Outlined copy is a good example of the optimiser actually working. The "outliner" is a piece of the compiler that spots repeated code invocation that can lead to smaller binary size if, instead of being inlined everywhere, it can be moved into a function that is called. These smaller binaries are often a perf win, not least because the actual cost of calling an x86 function itself is very low, especially when the call is direct. Function calls themselves are not a huge performance cost, except where they provide optimisation boundaries.
I understand the feeling, but that's not quite an accurate representation. There are a few reasons why.
First, checks. You have a few checked operations here: self.idx += 2
inserts a branch for overflow checking, and self.idx + 1
(repeated twice) also introduces such a branch. These branches are again extremely cheap, as they will never be taken in real code, but they increase the complexity of the generated code.

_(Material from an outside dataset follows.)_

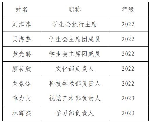 2024届学生会主席团、各部门负责人,现将名单公示如下:
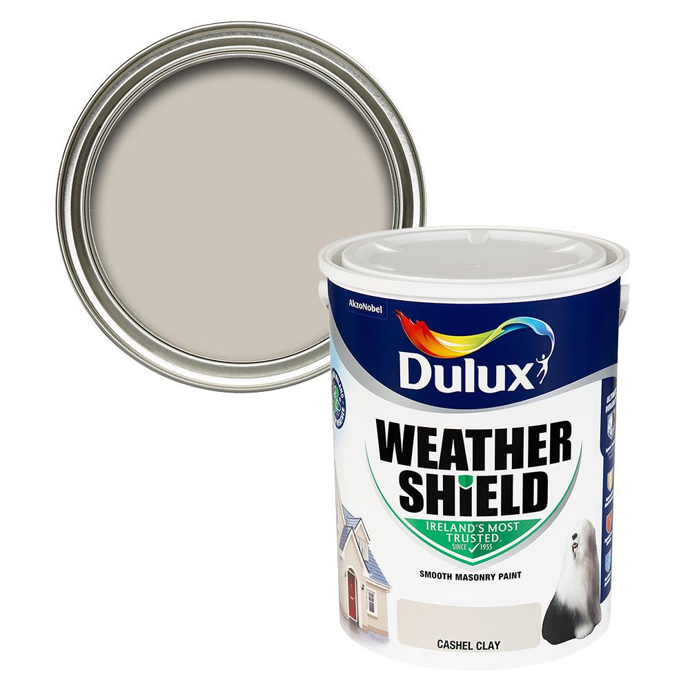 Dulux Weathershield Smooth Exterior Masonry paint is Made in Ireland to protect Irish homes from our unique weather. The Ultimate Durability formula with Superior Flexibility protects the paint from cracking and flaking, while Superior Colour Retention ensures colours stay true and Superior Mould Resistance works against mould and algae growth for longer thanks to slow-release encapsulated biocide technology. Dulux Weathershield Ultimate Durability is our most durable exterior paint ever. - Fast Shower Resistance - Protection against Cracking & Flaking - Superior Colour Retention Application Method: - Brush or Roller Base: - Water Cleaning: - Garden Brush or Hose Coverage: - 16m? per litre Disposal: - Check Local Recycling Centre Drying Time: - 2-4 hours These times will be significantly longer in cold, damp conditions Drying Time Recoating: - 2-4 hours These times will be significantly longer in cold, damp conditions Durability: - High Fade Resistant: - Yes Finishing Type: - Matt Manufacturing Warranty: - We promise our paint will give you the perfect colour with a uniform finish and the coverage stated, or we'll replace it. T&C's apply: dulux.ie/promise Number of Coats Required: - 2 Product Type: - Masonry Stain Resistant: - Yes Storage: - Keep in a dry/cool place standing upright Suitable Surface: - Masonry

The thing is the subscript work, which looks like this:
callq outlined copy of Foundation.Data._Representation
movq %r15, %rdi
movq %rbx, %rsi
movq %r14, %rdx
callq Foundation.Data.subscript.getter : (Swift.Int) -> Swift.UInt8
movl %eax, %r15d
movq %rbx, %rdi
movq %r14, %rsi
callq outlined consume of Foundation.Data._Representation
The dance here is that we take a copy of the backing representation of Data
, then call the subscript to get a UInt8
, and then consume the copy. The reason this has to be done is twofold. Firstly, Data
's backing storage is reference counted, and if the compiler cannot prove this operation does not need to CoW it needs to appropriately manage the refcounting (that's what the copy
/consume
operations will be doing).
The other one is the Data
subscript. While this subscript is inlinable
, I suspect it exceeds the inlining threshold and doesn't get inlined. This is because Data
is a very complex data type with a wide range of possible representations, so the performance benefit of inlining the code would almost certainly be outweighed by the code size and complexity increases.
You can see this by considering this compiler explorer project that replaces your use of Data
with Array<UInt8>
, a vastly less complex data type. Here we get the following generated assembly:
output.Buffer.get() -> Swift.UInt16:
push rbp
mov rbp, rsp
mov rax, qword ptr [r13]
mov rcx, qword ptr [r13 + 8]
mov rdx, qword ptr [rax + 16]
cmp byte ptr [r13 + 16], 1
jne .LBB14_4
cmp rcx, rdx
jae .LBB14_10
lea rsi, [rcx + 1]
cmp rsi, rdx
jae .LBB14_11
movzx eax, word ptr [rax + rcx + 32]
rol ax, 8
jmp .LBB14_7
.LBB14_4:
cmp rcx, rdx
jae .LBB14_8
lea rsi, [rcx + 1]
cmp rsi, rdx
jae .LBB14_9
movzx eax, word ptr [rax + rcx + 32]
.LBB14_7:
add rcx, 2
mov qword ptr [r13 + 8], rcx
pop rbp
ret
.LBB14_10:
ud2
.LBB14_11:
ud2
.LBB14_8:
ud2
.LBB14_9:
ud2
This is much closer to where you wanted to end up. We have a few extra ud2
instructions due to the subscripts getting inlined, as they need bounds checking now, but otherwise you get exactly what you'd expect to see: bounds checks, followed by loads and (in the big-endian case) a rol
.